═══ Supplied entries ═══

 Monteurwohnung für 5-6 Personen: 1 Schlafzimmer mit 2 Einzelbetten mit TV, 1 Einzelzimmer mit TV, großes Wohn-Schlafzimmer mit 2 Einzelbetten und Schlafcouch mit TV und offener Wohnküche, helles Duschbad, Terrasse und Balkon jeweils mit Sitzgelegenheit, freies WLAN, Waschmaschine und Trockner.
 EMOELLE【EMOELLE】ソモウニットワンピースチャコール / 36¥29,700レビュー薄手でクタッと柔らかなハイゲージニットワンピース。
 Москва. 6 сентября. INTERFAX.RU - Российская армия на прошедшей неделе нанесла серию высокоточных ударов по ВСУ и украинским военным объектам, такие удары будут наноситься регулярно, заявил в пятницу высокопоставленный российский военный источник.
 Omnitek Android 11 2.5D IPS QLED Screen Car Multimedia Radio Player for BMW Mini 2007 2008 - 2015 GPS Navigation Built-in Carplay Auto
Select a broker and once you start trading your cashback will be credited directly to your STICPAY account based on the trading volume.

═══
═══ Supplied entries ═══

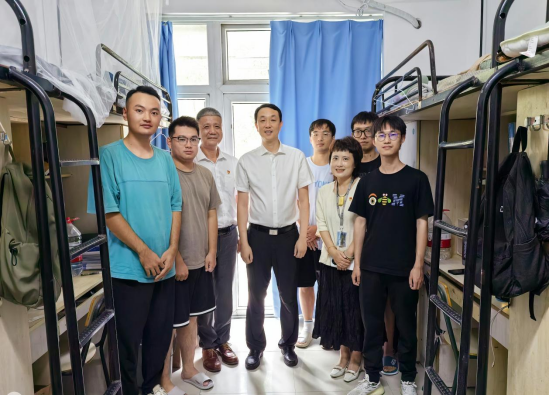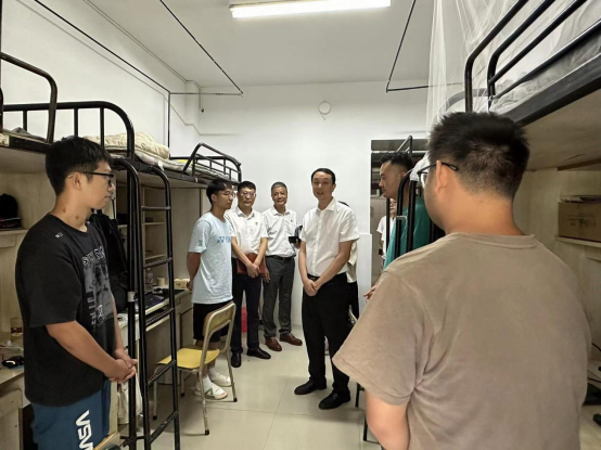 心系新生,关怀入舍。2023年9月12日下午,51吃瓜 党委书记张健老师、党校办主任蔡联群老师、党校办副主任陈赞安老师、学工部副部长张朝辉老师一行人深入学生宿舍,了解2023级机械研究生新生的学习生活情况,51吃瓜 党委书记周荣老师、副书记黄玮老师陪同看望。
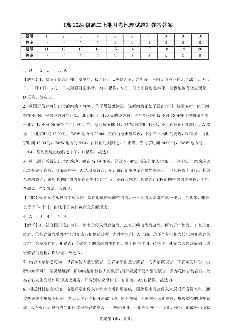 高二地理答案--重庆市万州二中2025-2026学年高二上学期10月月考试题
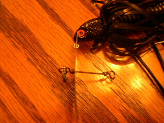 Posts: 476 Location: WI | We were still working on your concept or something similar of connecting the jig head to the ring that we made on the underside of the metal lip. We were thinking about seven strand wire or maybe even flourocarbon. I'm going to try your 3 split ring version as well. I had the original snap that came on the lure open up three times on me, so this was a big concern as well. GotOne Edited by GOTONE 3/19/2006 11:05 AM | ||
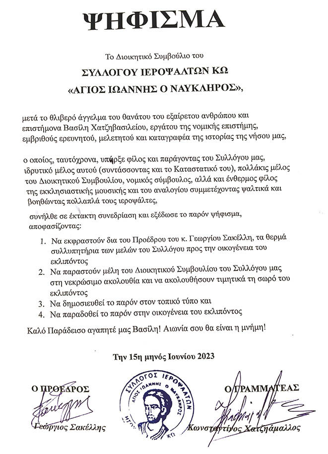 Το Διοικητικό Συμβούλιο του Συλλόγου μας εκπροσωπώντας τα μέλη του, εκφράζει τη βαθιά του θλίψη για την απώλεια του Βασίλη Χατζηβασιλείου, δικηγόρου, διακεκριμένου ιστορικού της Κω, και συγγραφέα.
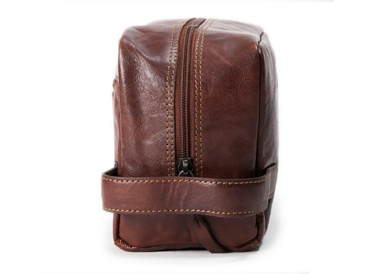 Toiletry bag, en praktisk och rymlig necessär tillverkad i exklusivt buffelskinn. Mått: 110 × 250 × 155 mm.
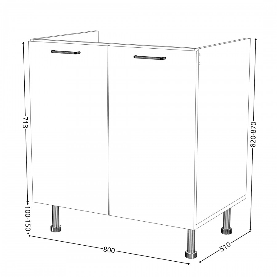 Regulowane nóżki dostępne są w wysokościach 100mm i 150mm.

═══
═══ Supplied entries ═══

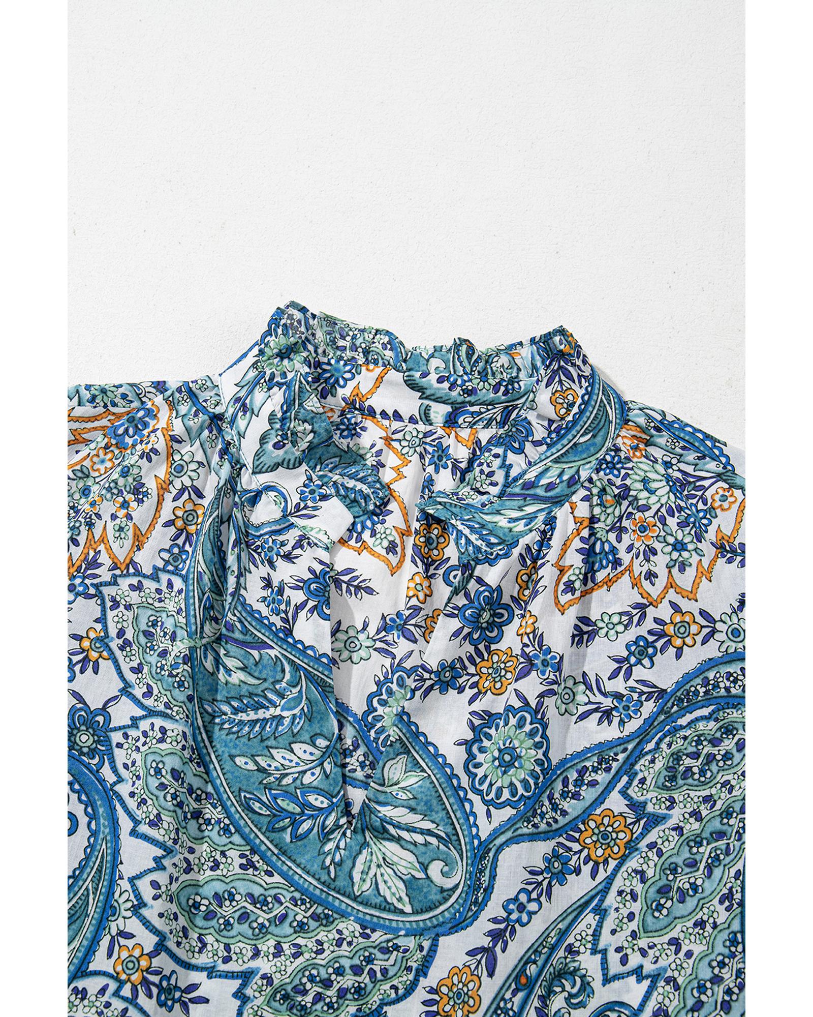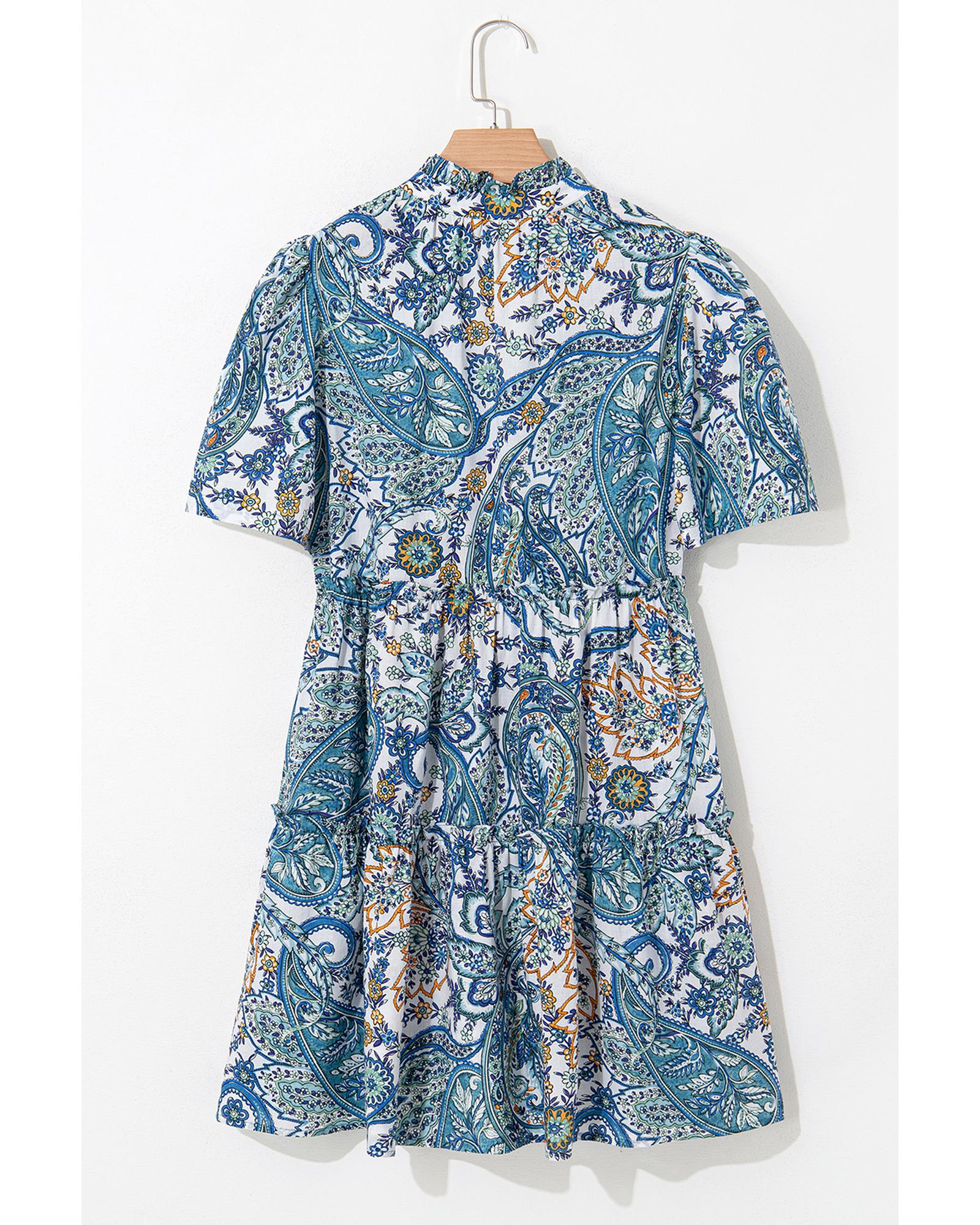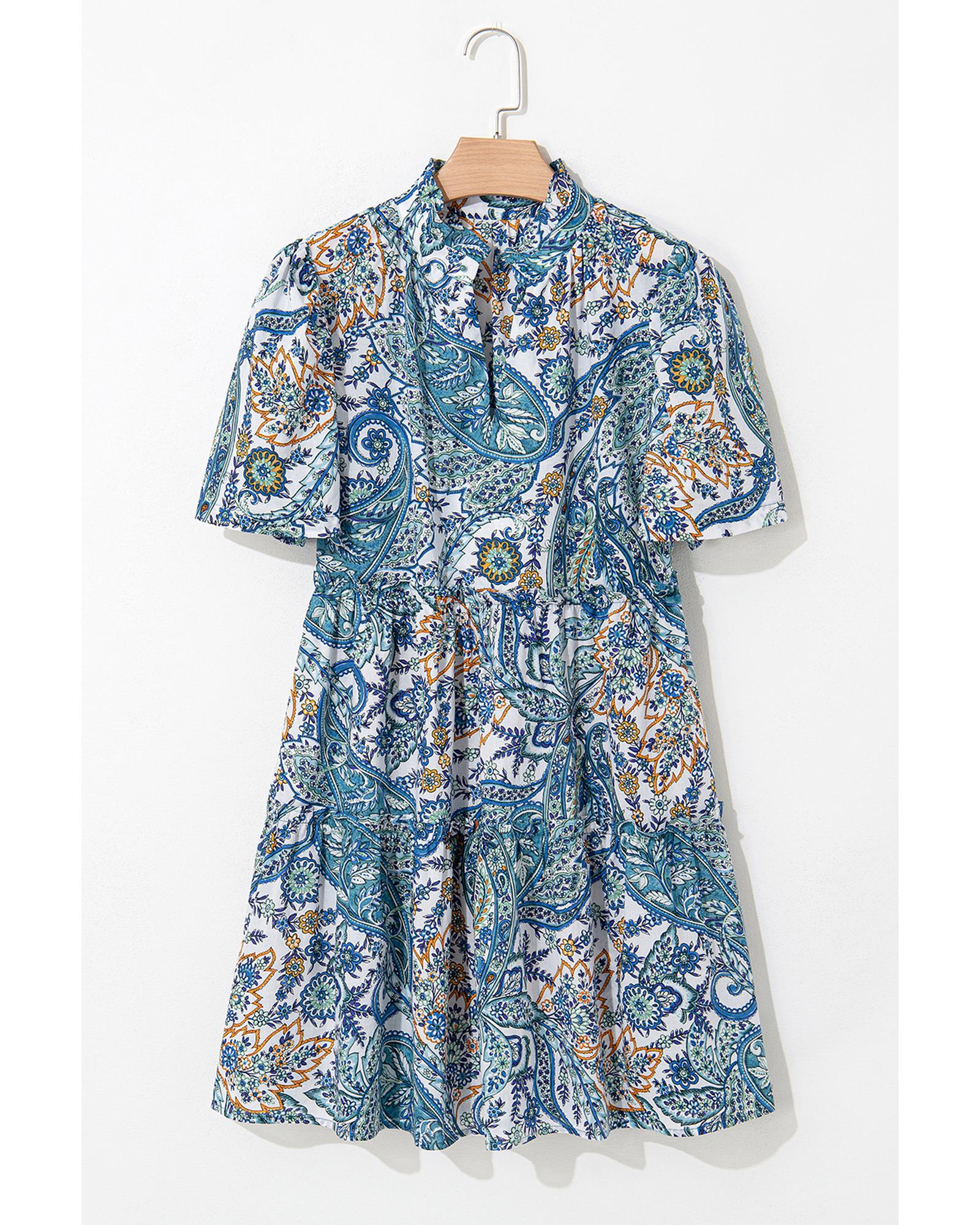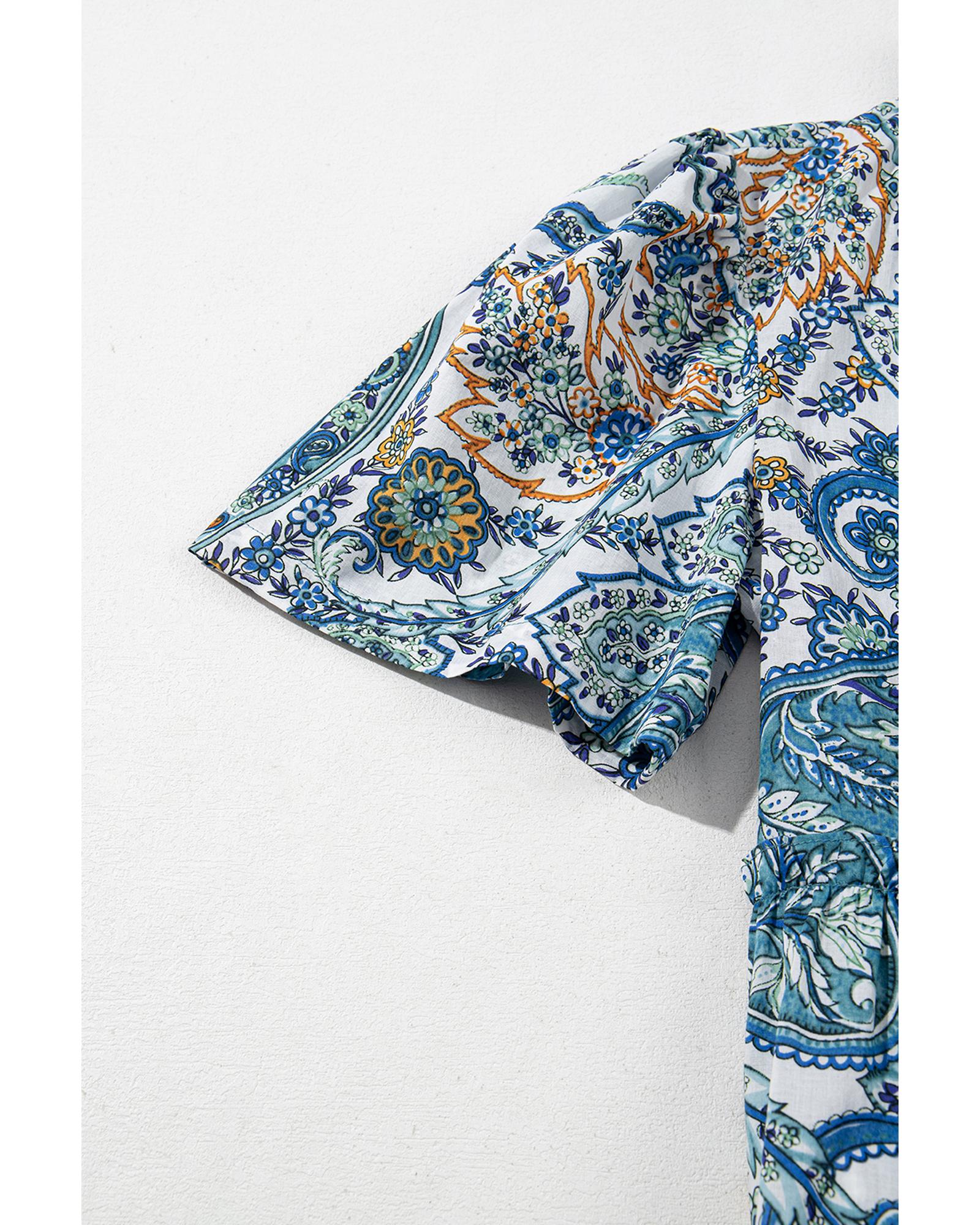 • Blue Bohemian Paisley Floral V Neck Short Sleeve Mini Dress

═══

■ Aim of the task
The expected answer is an exact copy of the lines above, beginning at the line with "Monteurwohnung für 5-6" and ending at the line with "Select a broker", with both ends in.

■ Response for this exercise
 Monteurwohnung für 5-6 Personen: 1 Schlafzimmer mit 2 Einzelbetten mit TV, 1 Einzelzimmer mit TV, großes Wohn-Schlafzimmer mit 2 Einzelbetten und Schlafcouch mit TV und offener Wohnküche, helles Duschbad, Terrasse und Balkon jeweils mit Sitzgelegenheit, freies WLAN, Waschmaschine und Trockner.
 EMOELLE【EMOELLE】ソモウニットワンピースチャコール / 36¥29,700レビュー薄手でクタッと柔らかなハイゲージニットワンピース。
 Москва. 6 сентября. INTERFAX.RU - Российская армия на прошедшей неделе нанесла серию высокоточных ударов по ВСУ и украинским военным объектам, такие удары будут наноситься регулярно, заявил в пятницу высокопоставленный российский военный источник.
 Omnitek Android 11 2.5D IPS QLED Screen Car Multimedia Radio Player for BMW Mini 2007 2008 - 2015 GPS Navigation Built-in Carplay Auto
Select a broker and once you start trading your cashback will be credited directly to your STICPAY account based on the trading volume.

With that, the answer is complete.